De son écriture élégante et fignolée, Dominique Fortier façonne des univers singuliers et sensibles où il fait bon errer. Les villes de papier retrace la vie d’Emily Dickinson, une poète américaine mystérieuse qui refusait de rendre publique sa poésie et vivait recluse. S’inspirant de l’histoire et de l’écriture et rendant hommage aux livres, comme dans Au péril de la mer, l’auteure témoigne des lieux qui nous habitent et de ces mondes que créent les écrivains.

Qu’est-ce qui vous fascine dans l’histoire d’Emily Dickinson? Pourquoi avez-vous eu envie de raconter son histoire?
Emily Dickinson telle que je l’imagine est une sorte de figure d’écrivain idéale, c’est-à-dire un être qui met l’écriture au centre de sa vie. C’est ainsi que je comprends son retrait progressif du monde – de son village à son jardin, puis à sa maison, avant qu’elle ne décide, au cours des dernières années de sa vie, de ne plus habiter que sa chambre. Cette vie à laquelle tout semble manquer (amours, relations, profession, voyages et jusqu’à la reconnaissance de son art, puisqu’elle s’est presque systématiquement refusée à publier ses poèmes) me semble au contraire pleine comme un œuf. Le défi était de donner à voir cette plénitude invisible, cette autre forme de voyage, vers l’intérieur – vers le poème.

Que signifie pour vous le magnifique titre Les villes de papier?
À proprement parler, une ville de papier, c’est une ville inventée, que les cartographes du dix-neuvième siècle semaient sur leurs cartes pour s’assurer qu’on ne leur volerait pas leur ouvrage (s’ils retrouvaient cette fausse ville sur la carte d’un compétiteur, ils avaient la preuve que celui-ci avait copié leur carte plutôt que de tracer la sienne). La ville d’Agloe, dans l’État de New York, est l’une des plus célèbres de ces villes-mirages.
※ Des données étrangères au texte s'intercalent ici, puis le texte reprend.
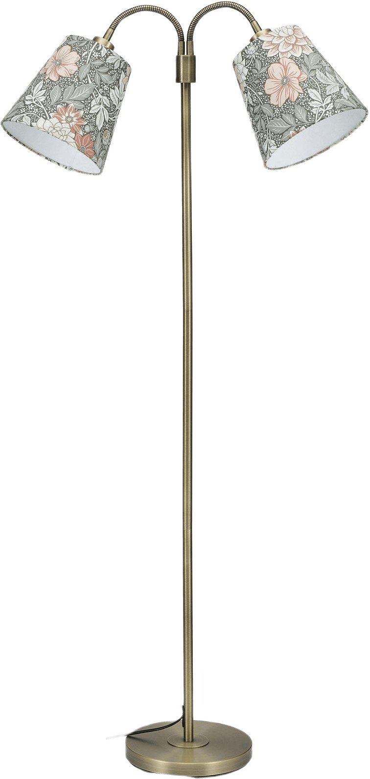 Enkel och stilren golvlampa i metall med två justerbara armar med lampskärm Dahlia Garden i grön/mildrosa färgställning. Handmålat mönster av designern Jenny Hahne Gadd för Boråstapeter. Låt de praktfulla dahliorna och sirliga bladen flytta in i ditt rum.

Les villes de papier, ce sont, de façon plus vaste, les lieux bien réels où l’on vit, et qui ne sont jamais que des endroits physiques, mais qui sont traversés de strates de souvenirs, de rêves, de fantômes, de sorte que la ville réelle et la ville imaginée se superposent, s’entremêlent, se fondent l’une dans l’autre. Ce sont des lieux qui nous habitent autant que nous les habitons.

Les villes de papier, ce sont enfin les livres qu’on lit et ceux qu’on écrit, et dans lesquels on vit comme dans autant de maisons.
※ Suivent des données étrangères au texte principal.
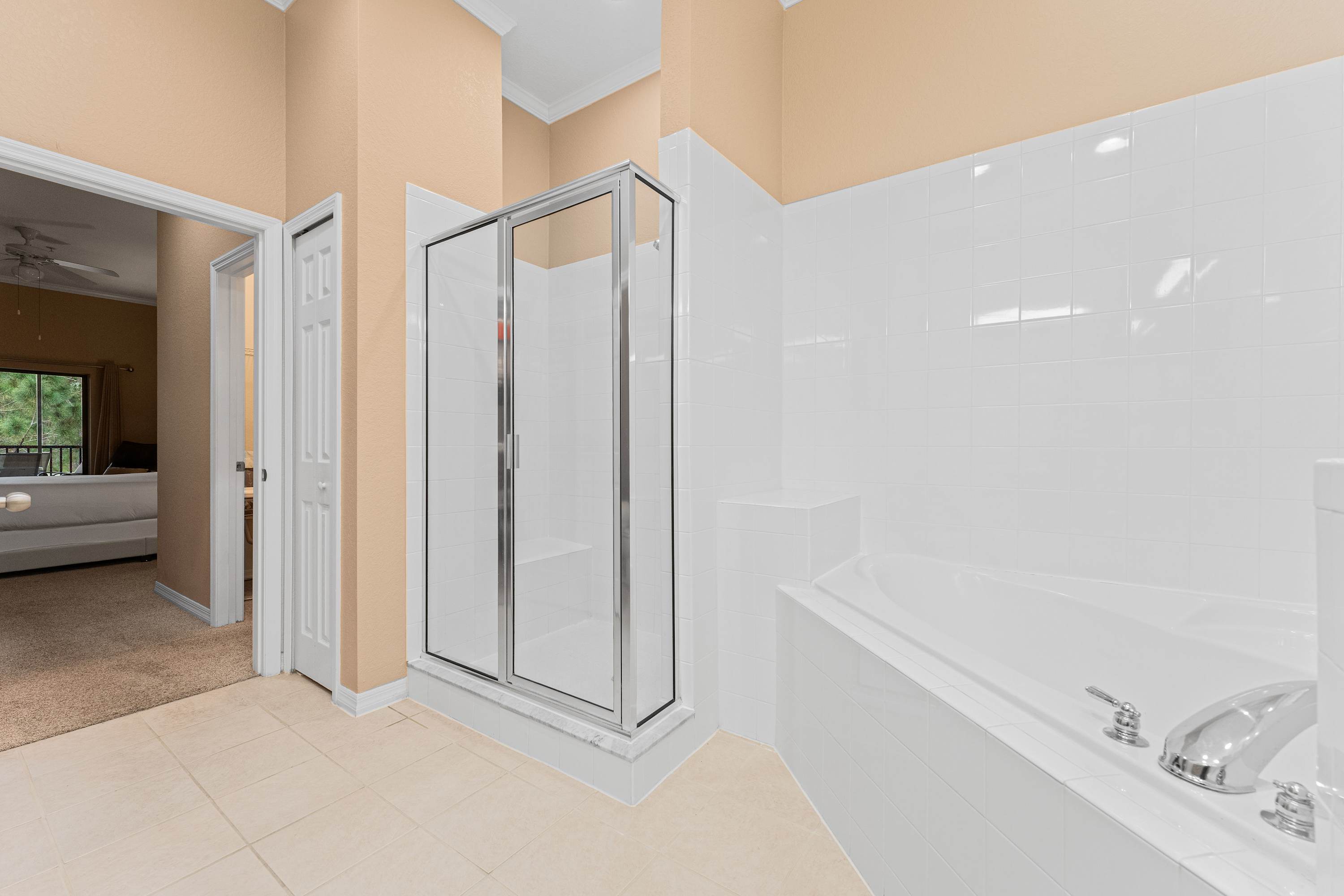 Bedroom #1 includes a king size bed, TV, balcony access, and ensuite bathroom with a dual vanity, soaking tub, and glass walk-in shower.

Votre approche de l’écriture est-elle différente lorsque vous vous inspirez de personnes ayant existé ou de faits véridiques?
Quand on écrit, le fait de s’inspirer d’événements ou d’êtres réels fournit une forme d’armature, ou de contour, qu’il nous appartient toutefois de meubler de la même manière que lorsqu’on crée de toutes pièces des personnages ou des situations. C’est ainsi que l’Histoire et la fiction me semblent des territoires voisins, ou à tout le moins des pays amis, qu’on explore sensiblement de la même façon, avec les mêmes outils et les mêmes précautions, en s’exposant à des écueils et à des surprises semblables. Cela dit, quand on s’inspire d’événements ou d’êtres réels, on dispose d’emblée d’une « culture commune » avec son lecteur, dont on peut présumer qu’il en connaît aussi les grandes lignes; on le rencontre donc sur un territoire qui ne nous appartient pas en propre, mais qu’on partage avec lui.